Man hat eigentlich mit den stationären Grenzkontrollen bezwecken wollen, dass die Zahl der Aufgegriffenen niedriger wird. Doch es klingt bei Ihnen, als müssen jetzt mehr Fälle in Brandenburg bearbeitet werden.
Es sind mehr Fälle, die wir nun bearbeiten müssen. Neben denjenigen, die an den Grenzkontrollen vorbeigehen, kommen nun diejenigen dazu, die wir an den Autobahnen und an den anderen Straßenverkehrswegen aufnehmen. Dass durch diese Kontrollen weniger Migranten nach Deutschland kommen, das ist ein Trugschluss.
Wie läuft die Zusammenarbeit mit den polnischen Kollegen? Oft wird gesagt, dass Polen die Menschen, die über Belarus kommen, einfach durchlässt. Stimmt das aus Ihrer Sicht?
Ich kann Ihnen sagen, dass die Kontakte und die Arbeit mit dem polnischen Grenzschutz sehr gut laufen. Wir haben ein deutsch-polnisches Zentrum neben Frankfurt (Oder) im polnischen Swiecko. Und da arbeiten die Kolleginnen und Kollegen Tag und Nacht miteinander. Wir haben auch gemeinsame Streifen auf polnischer Seite.
Soweit ich weiß, gibt es in Polen auch Aufnahmeeinrichtungen. Da werden die Menschen hingebracht. Ob viele Menschen einfach in Richtung Deutschland durchlaufen? Das kann ich nicht behaupten, das weiß ich nicht. Ich kann nur sagen: Wir haben Aufgriffe hier und dabei ist es selten, dass jemand in Polen registriert war.
Teile der Politik fordern, dass die aufgegriffenen Menschen zurückgeschoben werden. Ist das möglich?
Wenn das Verfahren durch das Bundesamt für Migration und Flüchtlinge (BAMF) abgeschlossen ist, steht fest, ob jemand Asyl bekommt oder nicht. Nach dem Prozess hat man die Möglichkeit, jemanden abzuschieben. Stellt jemand aber ein Schutzersuchen und wird an das BAMF weitergeleitet, dann haben wir als Bundespolizei keine Möglichkeit, ihn oder sie zurückzuweisen.
Wer wird aktuell an der Grenze gleich zurückgewiesen?

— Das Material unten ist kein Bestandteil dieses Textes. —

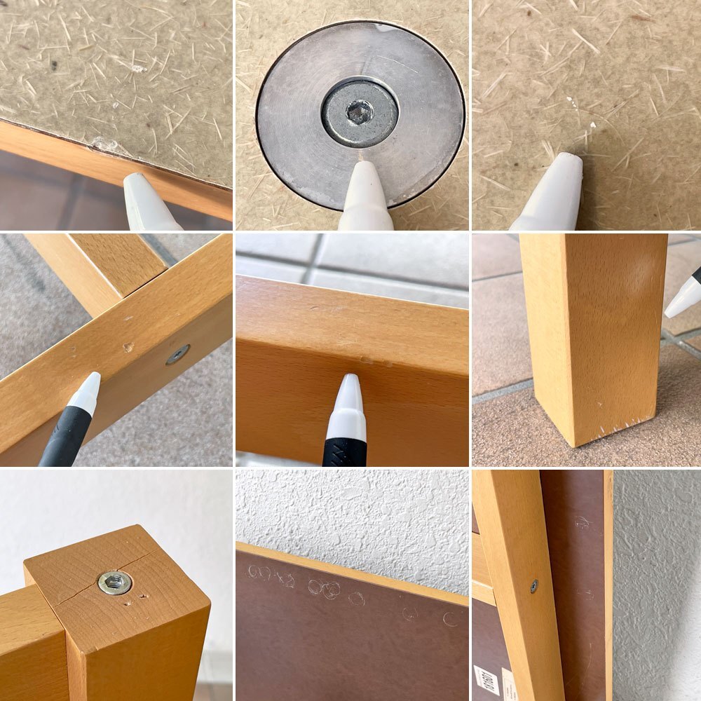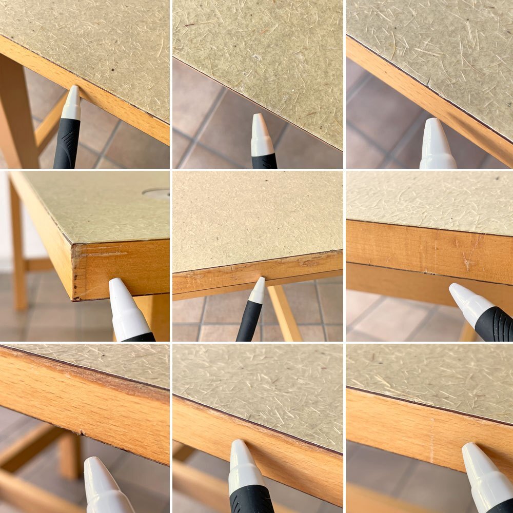 | コンディション | 使用に伴う擦れ傷の他、細かな打痕や天板側面を中心とした塗装表面の剥がれ、裏面のスクラッチなど僅かに使用感はございますが、いずれも大きく目立つものではございません。天板は脚部を先に組み立てた後、天板の上からネジで留める造りとなっておりますが、そのネジの内にややなめりが感じられるものがあり、うち1本はサイズが合うものに後年交換されております。ほか脚部フレームの木部表面にビビなどございますが現状ご使用に問題となるダメージは無く、今後とも雰囲気を楽しみながらお使い頂けるUSED品として概ね良好なコンディションを保っております。 ※特筆すべきコンディションは出来るだけ記載させて頂きますが、細かい擦れや傷、汚れ等を完全にお伝えする事は出来ません。画像をご確認の上、ご入札をご検討下さいませ。 ※取扱説明書や保証書等は記載が無い限り付属いたしません。 |

Wer in Deutschland eine nationale Einreisesperre hat, muss abgewiesen werden. Wir gehen davon aus, dass nicht mehr als fünf Prozent von den Aufgegriffenen wieder zurückgewiesen werden können. Allgemeine Zurückweisungen sind an Binnengrenzen rechtlich gesehen gar nicht möglich - also das, was die Innenminister immer erzählen. Dass wir damit die Migrationszahlen in Deutschland senken können, wie derzeit überall propagiert wird, ist eine Fehlinformation.
Vielen Dank für das Gespräch, Herr Wendland!
Stefan Kunze führte das Gespräch. Bei diesem Text handelt es sich um eine gekürzte und redigierte Fassung des Interviews mit Herrn Wendland.